Mark Zuckerberg, who at 33 already ranks as one of the most influential Jews in American history, just delivered Harvard’s 2017 commencement address. Zuckerberg’s text should be required reading for anyone curious about Facebook’s agenda, millennial attitudes, modern elite college groupthink – and the challenges facing American Jewry.
Here’s the good news. Zuckerberg was charming, idealistic, inspirational. He urged his fellow millennials to care, to reach out, to give back to the community and the world, which have given them so much. “The challenge for our generation,” he said, “is creating a world where everyone has a sense of purpose.” He told a lovely story about John Kennedy visiting NASA in the 1960s and asking a janitor there, who was carrying a broom, what he was doing. The janitor responded: “Mr. President, I’m helping put a man on the moon.” Purpose, Zuckerberg explained, “is that sense that we are part of something bigger than ourselves, that we are needed, that we have something better ahead to work for.”
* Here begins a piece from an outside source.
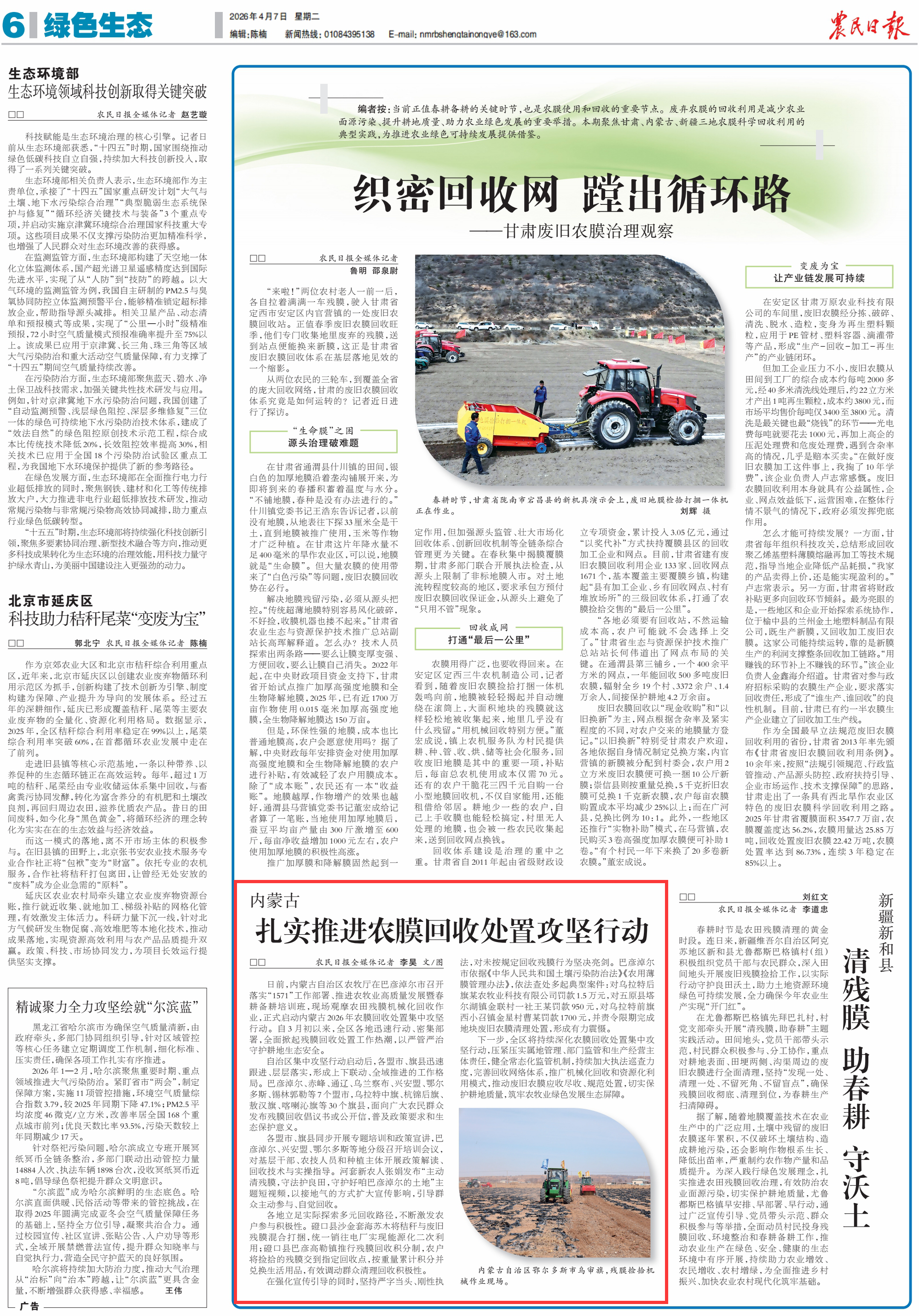 2026年4月7日,《農(nóng)民日?qǐng)?bào)》第6版刊發(fā)題為《內(nèi)蒙古扎實(shí)推進(jìn)農(nóng)膜回收處置攻堅(jiān)行動(dòng)》的文章,報(bào)道了日前,內(nèi)蒙古自治區(qū)農(nóng)牧廳在巴彥淖爾市召開落實(shí)“1571”工作部署、推進(jìn)農(nóng)牧業(yè)高質(zhì)量發(fā)展暨春耕備耕培訓(xùn)班,現(xiàn)場(chǎng)觀摩農(nóng)田殘膜機(jī)械化回收作業(yè),正式啟動(dòng)內(nèi)蒙古2026年農(nóng)膜回收處置集中攻堅(jiān)行動(dòng)。自3月初以來,全區(qū)各地迅速行動(dòng)、密集部署,全面掀起殘膜回收處置工作熱潮,以嚴(yán)管嚴(yán)治守護(hù)耕地生態(tài)安全。

Here’s the bad news: although Zuckerberg excited many Jews by concluding with the “Mishebeirach” prayer he uses as a source of wisdom, his speech was superficially Jewish and deeply non-Zionist. Zuckerberg echoed and now reinforces the postmodern Ivy League Judaism he learned at Harvard: nationalism is bad, cosmopolitanism is good, and identities should not be delivered in the national packages that have worked so well for the past two centuries (with occasional disasters, too!). Instead, he peddled the broad borderless platform Facebook represents and elite American educations today endorse.
Zuckerberg understands that the decline in communal workplace cultures and other communities leaves millions feeling “disconnected and depressed.” But while he wants everyone “taking on big meaningful projects together,” he falls for the classic American Jewish contradiction.